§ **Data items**
※ ※ ※

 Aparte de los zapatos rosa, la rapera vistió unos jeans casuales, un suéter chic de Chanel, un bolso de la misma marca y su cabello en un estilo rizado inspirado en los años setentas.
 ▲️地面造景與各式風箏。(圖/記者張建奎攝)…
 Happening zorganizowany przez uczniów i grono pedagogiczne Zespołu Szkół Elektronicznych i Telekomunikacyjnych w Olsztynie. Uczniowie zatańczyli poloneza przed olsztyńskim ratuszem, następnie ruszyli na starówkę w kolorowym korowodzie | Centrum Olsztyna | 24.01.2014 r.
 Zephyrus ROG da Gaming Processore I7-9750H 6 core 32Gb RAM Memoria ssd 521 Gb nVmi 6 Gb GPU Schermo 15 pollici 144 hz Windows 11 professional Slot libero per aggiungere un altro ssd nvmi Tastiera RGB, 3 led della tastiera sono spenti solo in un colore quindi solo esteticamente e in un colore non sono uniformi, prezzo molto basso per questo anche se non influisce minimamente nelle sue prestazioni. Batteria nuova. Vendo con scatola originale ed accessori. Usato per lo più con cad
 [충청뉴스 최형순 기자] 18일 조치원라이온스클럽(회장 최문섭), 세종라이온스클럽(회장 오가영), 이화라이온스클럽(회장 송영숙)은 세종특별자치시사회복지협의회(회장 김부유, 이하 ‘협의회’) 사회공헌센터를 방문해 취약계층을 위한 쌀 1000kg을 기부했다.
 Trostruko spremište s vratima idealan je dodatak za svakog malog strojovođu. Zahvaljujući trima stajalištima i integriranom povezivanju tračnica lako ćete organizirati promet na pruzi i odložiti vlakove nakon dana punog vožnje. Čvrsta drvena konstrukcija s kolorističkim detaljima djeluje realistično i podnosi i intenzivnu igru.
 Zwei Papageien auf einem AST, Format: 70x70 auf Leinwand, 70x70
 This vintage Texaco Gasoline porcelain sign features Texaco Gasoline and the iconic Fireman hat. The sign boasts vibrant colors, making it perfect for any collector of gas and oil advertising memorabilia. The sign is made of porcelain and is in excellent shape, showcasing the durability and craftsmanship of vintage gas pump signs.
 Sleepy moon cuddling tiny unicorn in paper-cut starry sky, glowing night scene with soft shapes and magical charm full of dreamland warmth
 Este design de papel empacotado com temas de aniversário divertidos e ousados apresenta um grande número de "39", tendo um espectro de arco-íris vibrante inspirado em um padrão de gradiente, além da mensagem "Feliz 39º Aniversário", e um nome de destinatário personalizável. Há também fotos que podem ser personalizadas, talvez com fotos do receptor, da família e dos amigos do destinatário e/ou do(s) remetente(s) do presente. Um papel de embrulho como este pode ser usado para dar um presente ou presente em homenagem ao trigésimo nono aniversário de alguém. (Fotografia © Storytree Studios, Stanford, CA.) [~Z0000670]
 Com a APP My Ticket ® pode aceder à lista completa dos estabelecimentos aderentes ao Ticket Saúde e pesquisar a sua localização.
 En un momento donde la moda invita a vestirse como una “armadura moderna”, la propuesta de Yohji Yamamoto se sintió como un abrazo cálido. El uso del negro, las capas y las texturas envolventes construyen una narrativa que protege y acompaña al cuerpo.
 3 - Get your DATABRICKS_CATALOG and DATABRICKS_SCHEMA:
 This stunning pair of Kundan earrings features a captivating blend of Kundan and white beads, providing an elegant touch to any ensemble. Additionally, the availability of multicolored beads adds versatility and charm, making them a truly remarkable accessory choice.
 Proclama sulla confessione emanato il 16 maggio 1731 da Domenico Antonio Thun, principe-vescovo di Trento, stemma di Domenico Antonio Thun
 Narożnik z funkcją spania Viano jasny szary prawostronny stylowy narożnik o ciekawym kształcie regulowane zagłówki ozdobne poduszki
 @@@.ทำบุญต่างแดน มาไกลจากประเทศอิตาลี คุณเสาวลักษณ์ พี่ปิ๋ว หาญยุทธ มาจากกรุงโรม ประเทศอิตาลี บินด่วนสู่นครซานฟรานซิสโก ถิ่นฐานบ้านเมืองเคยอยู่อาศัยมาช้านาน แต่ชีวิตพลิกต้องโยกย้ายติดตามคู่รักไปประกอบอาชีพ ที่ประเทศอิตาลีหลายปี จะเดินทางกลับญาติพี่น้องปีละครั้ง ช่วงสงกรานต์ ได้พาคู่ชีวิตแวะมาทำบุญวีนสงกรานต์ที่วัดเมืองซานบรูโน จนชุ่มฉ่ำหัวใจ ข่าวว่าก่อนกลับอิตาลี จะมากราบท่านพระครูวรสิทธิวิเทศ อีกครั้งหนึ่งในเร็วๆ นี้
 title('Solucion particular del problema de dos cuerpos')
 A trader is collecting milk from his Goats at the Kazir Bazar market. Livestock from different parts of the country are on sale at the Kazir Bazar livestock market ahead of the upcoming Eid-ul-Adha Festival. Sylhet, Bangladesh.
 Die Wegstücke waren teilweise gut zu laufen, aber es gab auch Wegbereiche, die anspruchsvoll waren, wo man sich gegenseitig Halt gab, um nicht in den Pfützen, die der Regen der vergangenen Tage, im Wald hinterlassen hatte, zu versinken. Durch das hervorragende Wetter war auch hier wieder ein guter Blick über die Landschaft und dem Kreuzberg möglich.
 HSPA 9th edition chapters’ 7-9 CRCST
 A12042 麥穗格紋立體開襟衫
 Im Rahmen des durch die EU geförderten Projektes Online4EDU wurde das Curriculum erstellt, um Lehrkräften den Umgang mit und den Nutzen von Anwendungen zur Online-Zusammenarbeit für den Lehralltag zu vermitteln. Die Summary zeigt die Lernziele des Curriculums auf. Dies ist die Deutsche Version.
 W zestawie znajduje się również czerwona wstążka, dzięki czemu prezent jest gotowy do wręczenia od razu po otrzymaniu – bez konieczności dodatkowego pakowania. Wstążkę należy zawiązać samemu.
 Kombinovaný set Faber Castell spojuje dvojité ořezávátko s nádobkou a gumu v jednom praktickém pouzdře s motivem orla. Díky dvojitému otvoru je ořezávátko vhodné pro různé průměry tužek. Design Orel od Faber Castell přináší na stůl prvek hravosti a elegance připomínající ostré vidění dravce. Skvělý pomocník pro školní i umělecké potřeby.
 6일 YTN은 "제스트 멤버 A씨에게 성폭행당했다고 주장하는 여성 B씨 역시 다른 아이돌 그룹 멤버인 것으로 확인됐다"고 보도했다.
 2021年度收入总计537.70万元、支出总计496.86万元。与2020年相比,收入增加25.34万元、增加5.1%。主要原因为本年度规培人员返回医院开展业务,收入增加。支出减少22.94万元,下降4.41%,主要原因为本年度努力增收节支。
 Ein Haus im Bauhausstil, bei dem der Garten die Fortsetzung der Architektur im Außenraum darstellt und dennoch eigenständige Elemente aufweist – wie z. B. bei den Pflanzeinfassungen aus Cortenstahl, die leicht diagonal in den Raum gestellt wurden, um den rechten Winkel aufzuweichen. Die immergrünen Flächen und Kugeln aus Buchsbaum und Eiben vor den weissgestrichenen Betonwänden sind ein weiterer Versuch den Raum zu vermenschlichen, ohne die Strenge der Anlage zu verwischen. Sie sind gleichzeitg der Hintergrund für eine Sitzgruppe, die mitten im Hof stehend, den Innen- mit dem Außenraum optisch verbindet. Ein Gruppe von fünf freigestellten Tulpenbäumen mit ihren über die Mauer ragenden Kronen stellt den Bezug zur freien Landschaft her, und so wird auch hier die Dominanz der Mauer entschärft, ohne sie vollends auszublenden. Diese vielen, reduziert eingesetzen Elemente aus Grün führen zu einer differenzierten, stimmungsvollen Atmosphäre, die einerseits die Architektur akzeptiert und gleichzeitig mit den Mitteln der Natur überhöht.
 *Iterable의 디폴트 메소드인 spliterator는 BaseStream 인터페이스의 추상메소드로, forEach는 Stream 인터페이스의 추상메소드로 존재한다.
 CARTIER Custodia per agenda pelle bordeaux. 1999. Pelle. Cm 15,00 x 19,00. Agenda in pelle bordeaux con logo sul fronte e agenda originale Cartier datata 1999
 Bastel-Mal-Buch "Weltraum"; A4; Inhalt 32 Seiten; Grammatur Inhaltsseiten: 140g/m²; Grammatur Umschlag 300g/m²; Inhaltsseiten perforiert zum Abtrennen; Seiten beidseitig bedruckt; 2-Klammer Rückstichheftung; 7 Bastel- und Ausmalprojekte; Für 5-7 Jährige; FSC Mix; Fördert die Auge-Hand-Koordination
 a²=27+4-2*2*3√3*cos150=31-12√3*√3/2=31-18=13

※ ※ ※

Looking only at the data above, say how many of its lines contain the string "inspirado", and nothing more.

§ **WRITTEN RESPONSE**
2